Welcome to vAccel Docs

This website contains documentation for vAccel, a set of software tools that semantically expose hardware acceleration functionality to isolated workloads running on VM sandboxes.

vAccel enables workloads to enjoy hardware acceleration while running on environments that do not have direct (physical) access to acceleration devices.

The design goals of vAccel are:

portability: vAccel applications can be deployed in machines with different hardware accelerators without re-writing or re-compilation.
security: A vAccel application can be deployed, as is, in a VM to ensure isolation in multi-tenant environments. QEMU, AWS Firecracker and Cloud Hypervisor are currently supported
compatibility: vAccel supports the OCI container format through integration with the Kata containers framework [downstream].
low-overhead: vAccel uses a very efficient transport layer for offloading "accelerate-able" functions from insde the VM to the host, incurring minimum overhead.
scalability: Integration with k8s allows the deployment of vAccel applications at scale.

vAccel design

The core component of vAccel is the vaccel runtime library (vAccelRT). vAccelRT is designed in a modular way: the core runtime exposes the vAccel API to user applications and dispatches requests to one of many backend plugins, which implement the glue code between the vAccel API operations on a particular hardware accelerator.

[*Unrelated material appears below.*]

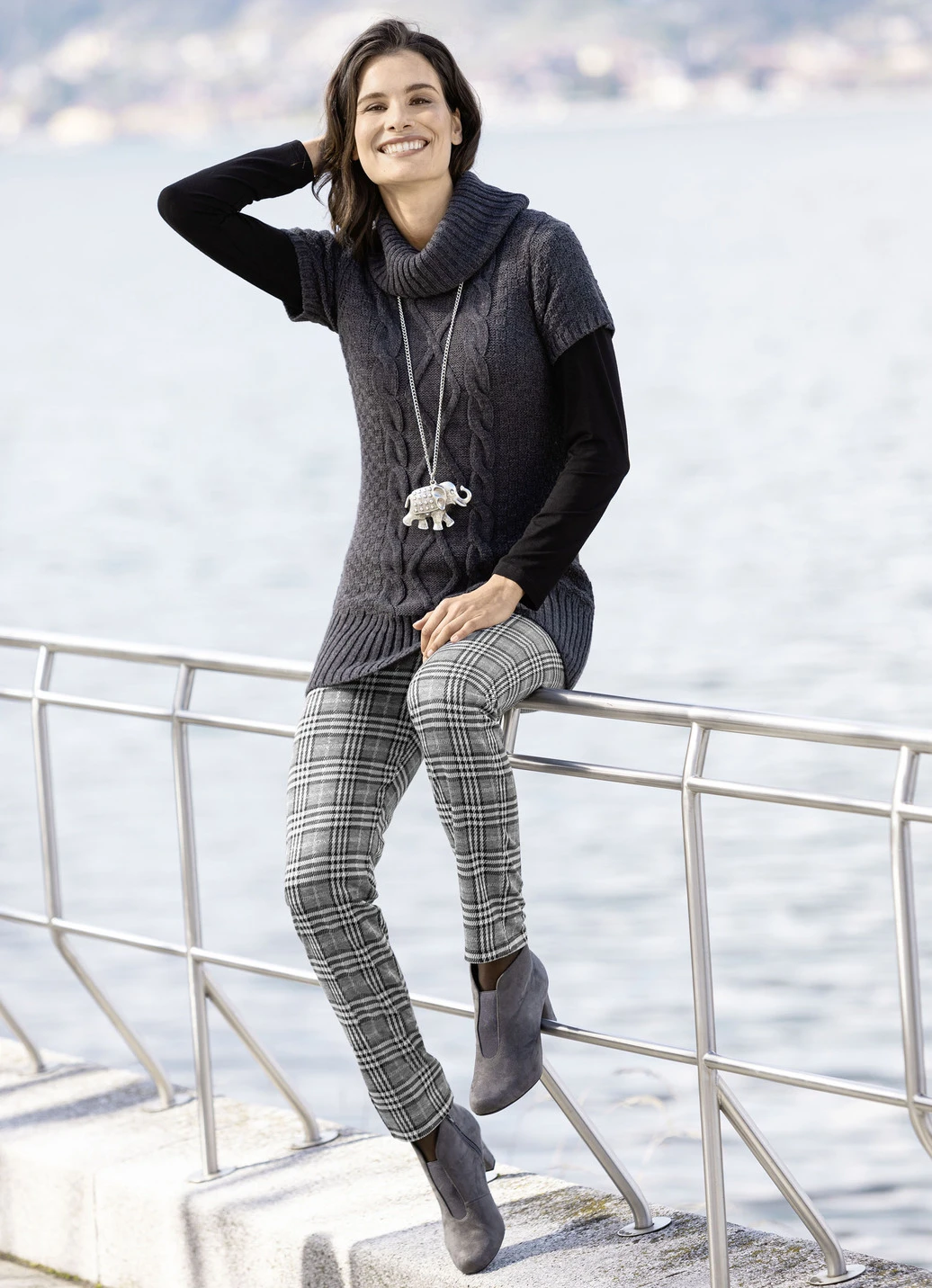 Angesagte und sehr bequeme Hose in Schlupfform mit interessanter Karo-Dessinierung in Hellgrau-Schwarz-Ecru: figurformend durch den angeschnittenen Bund, glatt anliegend dank der innenliegenden Gumibund-Einlage. Innenbeinlänge ca. 77 cm, Fußweite ab 32 cm.

The user application links against the core runtime library and the plugin modules are loaded at runtime. This workflow decouples the application from the hardware accelerator-specific parts of the stack, allowing for seamless migration of the same binary to different platforms with different accelerator capabilities, without the need to recompile user code.

The backend plugins conform to a simple plugin API. At the moment we have support for:

Jetson inference framework, for acceleration of ML operation on Nvidia GPUs.
Google Coral TPU, for acceleration on Coral TPUs.
OpenVINO inference framework, for image inference on OpenCL-compatible accelerators (Intel CPU/GPUs, MyriadX chips etc.).
Tensorflow inference, a simple inference program in TensorFlow.
Tensorflow, with a limited number of operations and API calls supported.
PyTorch, with a limited number of operations and API calls supported.
Xilinx PYNQ, with a limited number of example programs supported.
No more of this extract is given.